In the last two decades, two genetically distinct forms of myotonia congenita have been identified--an autosomal dominant and an autosomal recessive form. The purpose of this review is to describe the features that enable us to distinguish between these two forms in the absence of sufficient genetic data. Thus far, it can be concluded that the only probable difference between the two forms is in the fatty-acid pattern of muscle phospholipids.
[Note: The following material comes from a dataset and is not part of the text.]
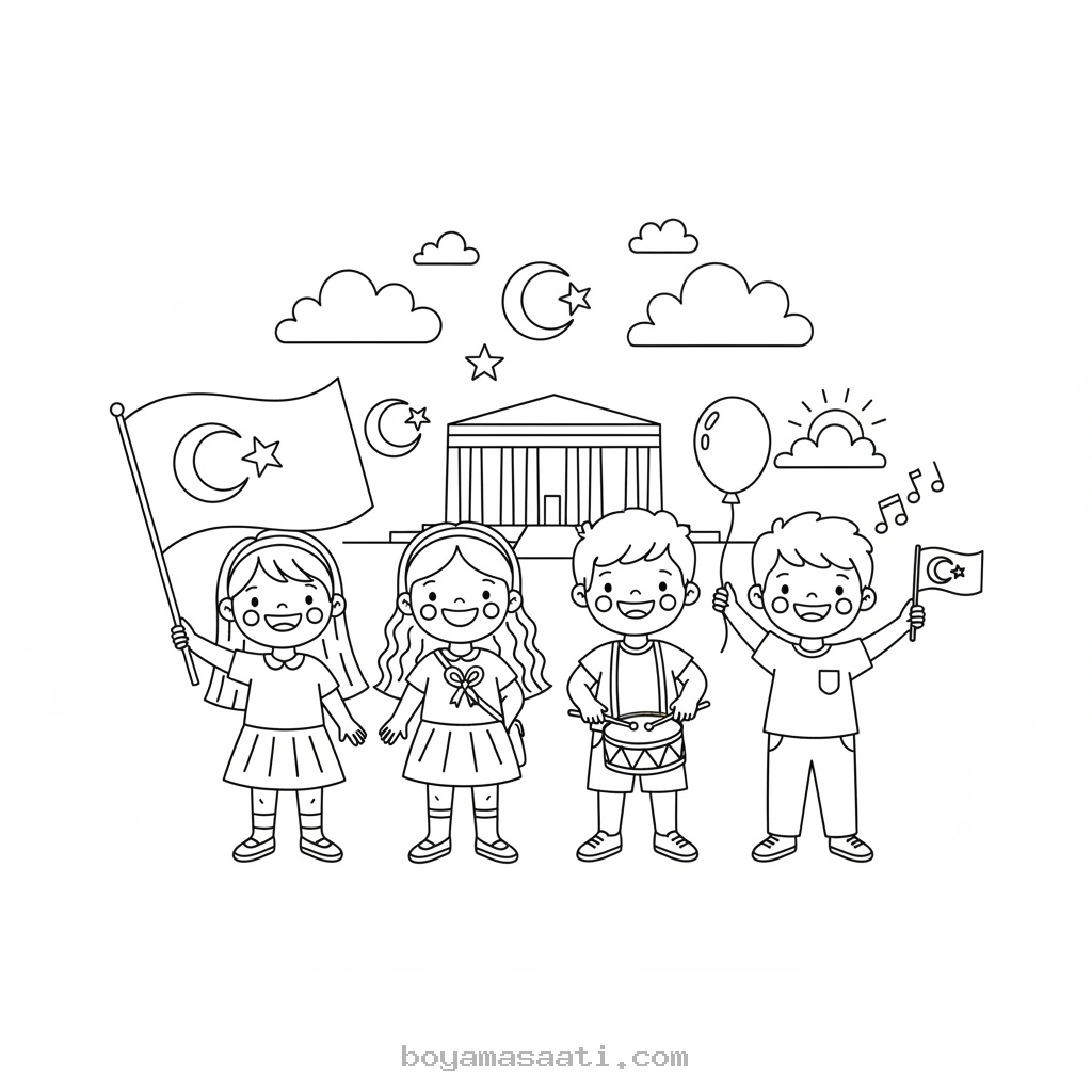 29 Ekim Cumhuriyet Bayramı Kutlaması Boyama Sayfası

Clinical, histologic, ultrastructural, and electromyographic investigation may prove helpful, but they alone cannot provide a reliable means of identifying the genotype in an individual patient.
在过去二十年中,已鉴定出两种基因不同形式的先天性肌强直——常染色体显性和常染色体隐性形式。本综述的目的是描述在缺乏足够基因数据的情况下,使我们能够区分这两种形式的特征。迄今为止,可以得出结论,这两种形式之间唯一可能的差异在于肌肉磷脂的脂肪酸模式。临床、组织学、超微结构和肌电图检查可能会有所帮助,但仅凭这些检查本身并不能提供一种可靠的方法来确定个体患者的基因型。